Friday, June 21, 2024

Experimental Breeder Reactor 1 (EBR-1) and Craters of the Moon National Monument, ID

 June 21, 2024

We left this morning planning on a sightseeing trip to EBR-1.  It took about 45 minutes from the campground and we arrived right as they were starting a tour.  Our tour guide was very knowledgeable and explained everything very well.  It was interesting that on our tour we also had a nuclear scientist and the son of one of the men who worked on EBR-1.

EBR-1 was designed with two purposes:  to generate electricity and more importantly to prove the concept of breeding fuel, which means that a reactor creates more nuclear fuel than it consumes, all while making electricity.  On December 20, 1951, EBR-1 became the first nuclear reactor to produce usable amounts of electricity by splitting atoms, lighting four 200 watt light bulbs.  The following day the reactor produced enough power to light the whole building.  Arco, Idaho was the first city in the United States to be powered by nuclear power.  The reactor operated for 12 years before being shut down in December 1963.  President Lyndon B. Johnson dedicated EBR-1 as a Registered National Historic Landmark in 1966.  There was an EBR-2 built but later decommissioned.  



Control room panels


The names of the men present when the reactor first supplied the electricity in the building. Later on the women were recognized.
Of the four light bulbs originally powered the one on the right is an original.  One went to Lyndon Johnson and is now in the presidential library in Austin, and the other two have been lost to history.

This is how a nuclear reactor works.  This I understand.  Most of the rest of it is above my pay grade.
Nuclear reactor.

After World War II the world wanted to see what could be powered by nuclear power.  They planned to make a nuclear powered airplane, but it never got off the ground.  :-)  Looking at what was going to go on/in it I can see why.



This was the second time we've been to EBR-1 but it's been a long time and I've forgotten a lot so it was a nice refresher course.

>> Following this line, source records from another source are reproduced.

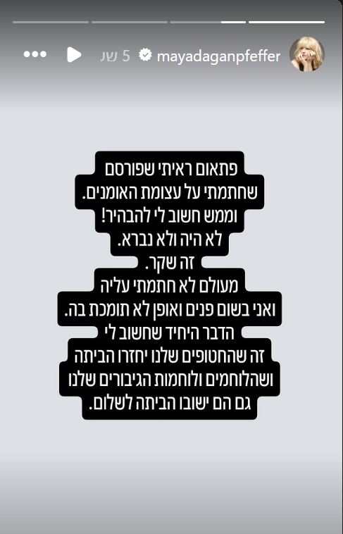 השחקנית מיה דגן שיתפה הערב (שלישי) כי נתקלה בדיווח שגוי על כך שהיא נמנית מחותמי העצומה וביקשה להבהיר כי מעולם לא עשתה זאת: "פתאום ראיתי שפורסם שחתמתי על עצומת האומנים. וממש חשוב לי להבהיר! לא היה ולא נברא. זה שקר. מעולם לא חתמתי עליה ואני בשום פנים ואופן לא תומכת בה. הדבר היחיד שחשוב לי זה שהחטופים שלנו יחזרו הביתה ושהלוחמים והלוחמות הגיבורים שלנו גם הם ישובו הביתה לשלום".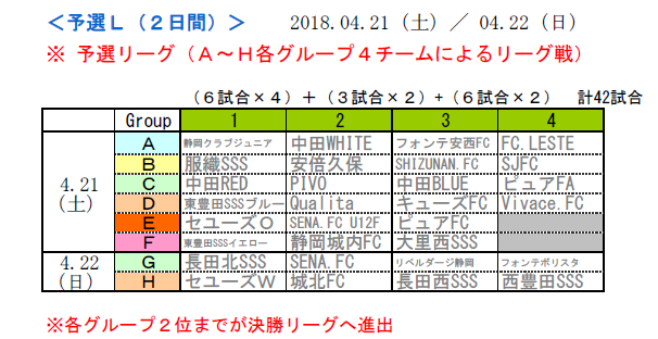 ・上位4チームは、県大会(6/17・エコパアリーナ)出場の権利を得る。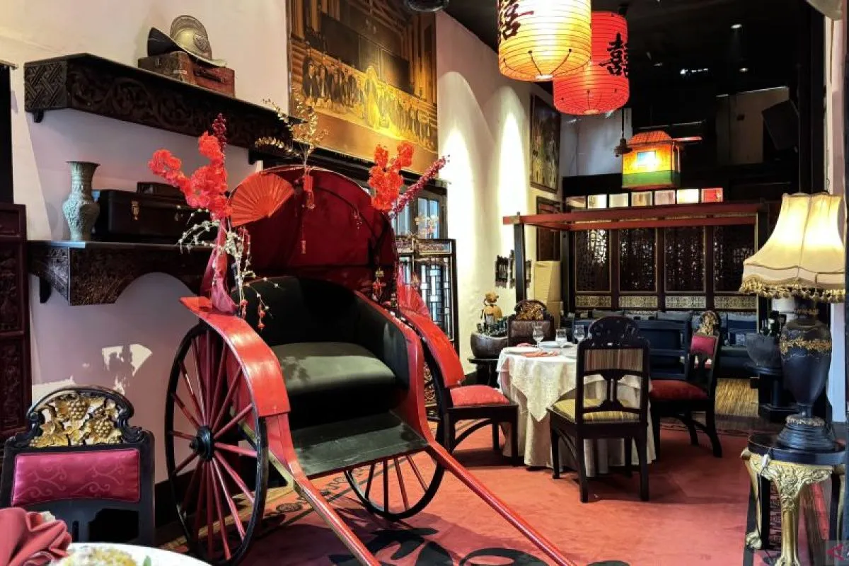 Becak berukuran besar layaknya delman itu dihiasi dengan berbagai ornamen berwarna merah, sehingga semakin menambah kesan romantis yang pas dengan suasana redupnya lampu di resto ini.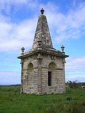 The Macrae Monument, mausoleum, memorial or Orangefield Family Burial Ground was built around 1750 by John Swan and is of the Corinthian style, with alcove, urns and obelisk.[8] Macrae himself died before it was completed and was buried in Monkton church. Smith records the story that a few years after his death, some of Macrae's friends assembled at Orangefield and decided to remove his bones from the Monkton churchyard and to place them in the mausoleum. After two days and nights of constant drinking they selected the largest skull and longest shank bones they could find out of reverence for the Governor and took them to the mausoleum.[9]

Although we had no plans to go to Craters of the Moon when we got up this morning that's where we ended up.  I mentioned to John that it was about 20 minutes from Arco and we decided to go.  This was our third trip to the park.  The first time in 1997 we camped there in a tent and the second time I think was in the early 2000s where we just visited.  A lot has changed over the years.  The first time we went the campground was all dirt and cinder gravel, the trails were all cinder gravel, and you could go down into the caves.  Now everything is paved, the campground roads and sites, the trails, and you have to have a permit to go into the caves.










Looking down into Snow Cone vent.  That's snow in the bottom.





It's an amazing sight out there in the desert.  There were many trails to go on but it was 86 degrees.  Since we've been there before we didn't do as much this time.

We stopped on the way back to get fuel.  Tomorrow we will be...

Roving on...

"In the beginning God created the heavens and the earth".